Animal bobo = new PolarBear();
bobo.compareTo(null);
((PolarBear) bobo).compareTo(null);
((Animal)bobo).compareTo(null);
((Comparable) bobo).compareTo(null);    

And each of them printed:

 PolarBear.compareTo

Is there any way to access the Animal 's compareTo ? Logically, wouldn't I want the ability to be able to compare the animal qualities of a PolarBear , as well as the PolarBear qualities?

It doesn't matter that you are casting your bobo object to PolarBear , Animal , or Comparable , the run-time type of the object will always be PolarBear since you instantiated it as

Animal bobo = new PolarBear();

Therefore whenever you call .compareTo(wtv) it'll call the PolarBear implementation.

This is what Polymorphism is.

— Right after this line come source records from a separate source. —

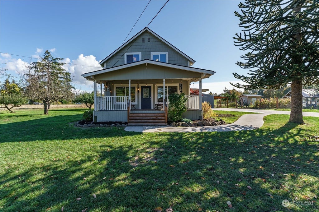 Just the right amount of country! Original 1912 farmhouse with all the charm yet amenities for the simple life. Pick a porch to do your sitting, both front and back offer a place to get cozy. Beautiful, open kitchen with a ton of room for cooking and baking, a separate dining area with room for those feasts, homeschool or game night. The living room is flooded w/ light, gorgeous shiplap walls, a full size bath, storage, and a great sized mud/laundry room. Upstairs offers 3 bedrooms, a landing that could double as office space with the original built ins. Outside is full of growth and perfection- mature landscaping, several fruit trees, a chicken casa, an established garden, a great sized yard & a 27x27 shop- dirt floors with its own power!
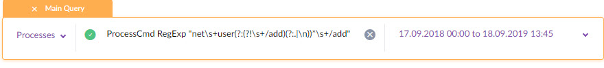 For example, users can search for a common “Living off the Land” technique by running a query across a 12-month period to return every process that added a net user:
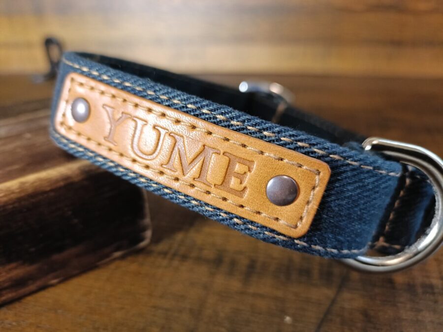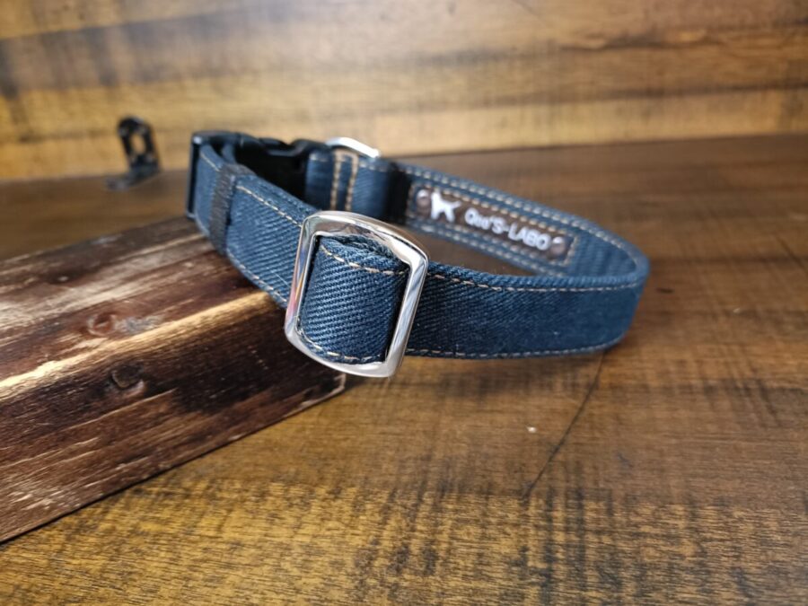ネイビーデニムの首輪で、アクティブなお出かけ楽しんでくださね〜🤗
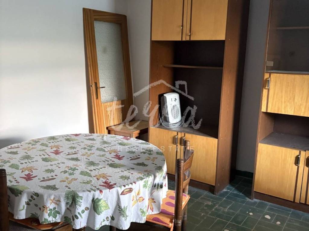 On the ground floor there is a kitchen with a dining room, a living room and a bathroom, while on the first floor there are two bedrooms with a terrace.
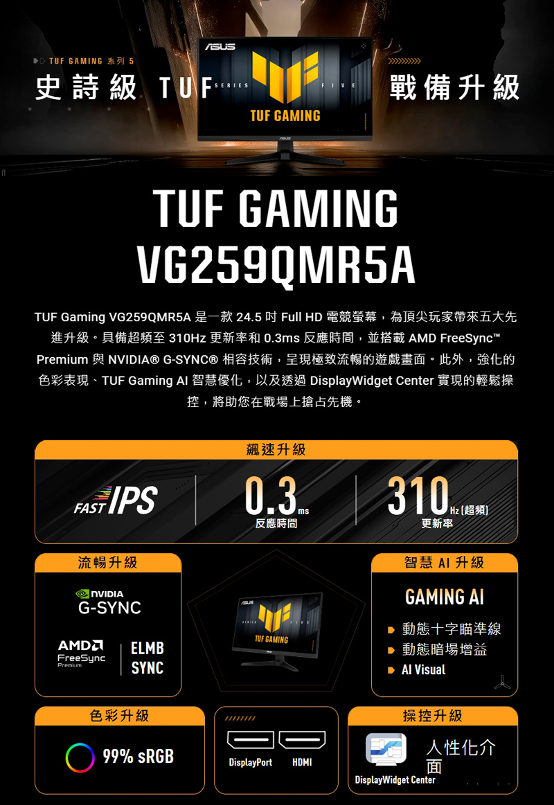 TUF Gaming VG259QMR5A 是一款 24.5 吋 Full HD 電競螢幕,為頂尖玩家帶來五大先進升級。具備超頻至 310Hz 更新率和 0.3ms 反應時間,並搭載 AMD FreeSync™ Premium 與 NVIDIA® G-SYNC® 相容技術,呈現極致流暢的遊戲畫面。此外,強化的色彩表現、TUF Gaming AI 智慧優化,以及透過 DisplayWidget Center 實現的輕鬆操控,將助您在戰場上搶占先機。

Read up on late binding as that's how polymorphishm is implemented in java.

If you want to call the compareTo(wtv) method of your parent classes, then you have to do super.compareTo(wtv) inside any other subclass' methods.

compareTo and inheritence is generally a tricky business . in theory, having subclasses to a Comparable concrete superclass breaks the comparable contract. for example - suppose i have a superclass A that compares to other A's by checking fields a1 and a1. now lets add a subclass B that has an extra field b1. anA.compareTo(aB) would compare by a1 and a2 while ((A)aB).compareTo(anA) would not do the same
as to your question - you can call the Animal version of compareTo only from the subclass itself, by doing something like

super.compareTo(<something>)

but not from "outside", as you've overridden the method. it is your responsibility to maintain the same "contract" to the outside world as the method you've just overridden.

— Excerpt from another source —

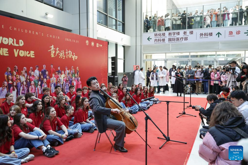 Feng Yao, the principal cellist of the Schleswig-Holstein Symphony Orchestra from Germany, performs at the Peking Union Medical College Hospital (PUMCH) in Beijing, capital of China, Dec. 31, 2025. Fifty-six young performers from One Voice Children's Choir along with invited musicians gave a performance at the hospital on Wednesday. (Xinhua/Zhang Yuwei)
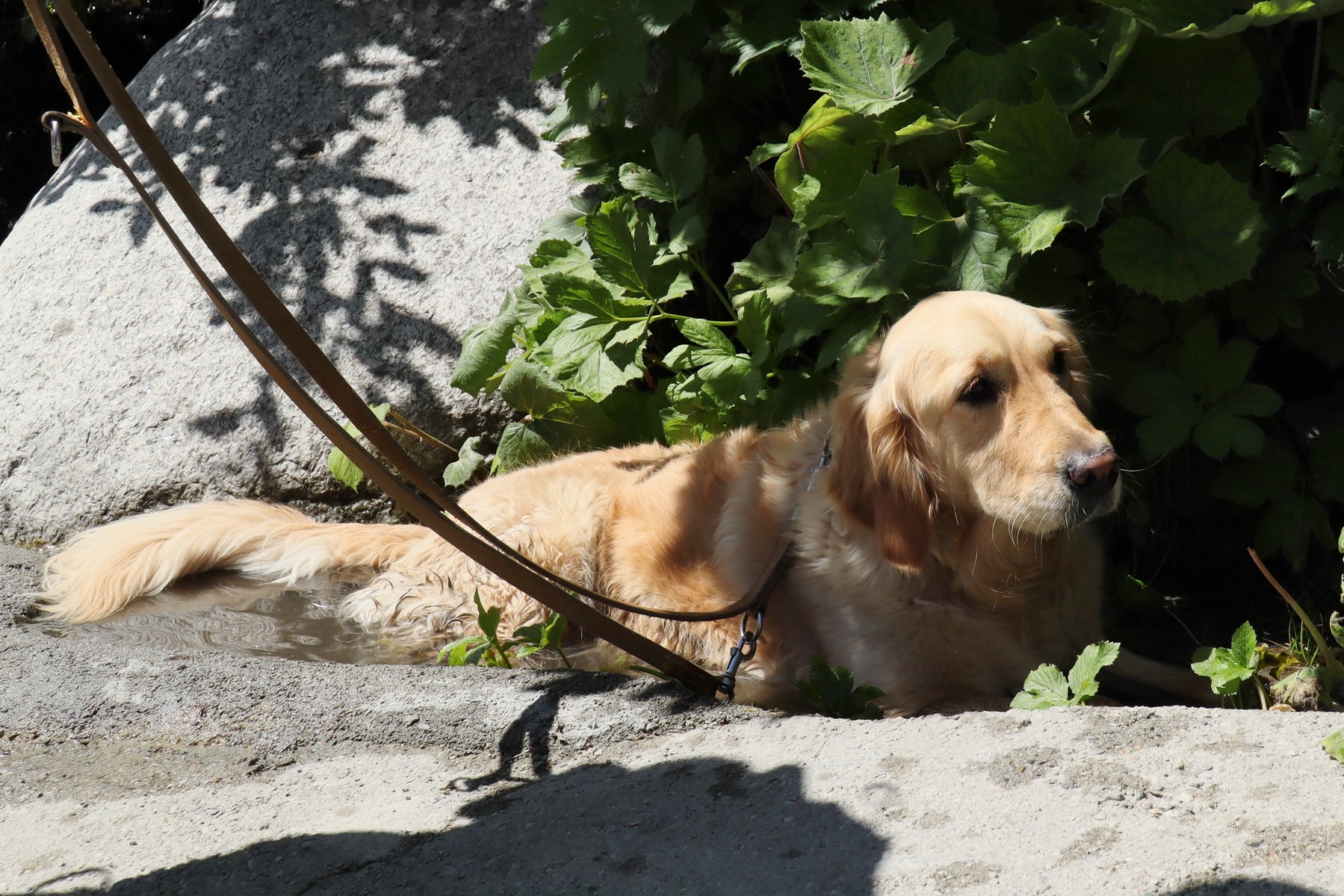 暑いので氷河からの冷たいお水に浸かって動かないワンちゃん。

您始终可以从PolarBear中调用super.compareTo(arg0)来调用Animal.compareTo中的逻辑。

It's very simple. the underlying object is of PolarBear class and you are changing the interface (Class that is used to hold the reference of the object) of the object every time.

JVM check at compile time whether a method in the interface (Class which is used to hold the reference of the object) exist or not but binding takes place at run time because Child (PolearBear) has that method so it will always run that.

use super.compareTo() in order to call the parent method.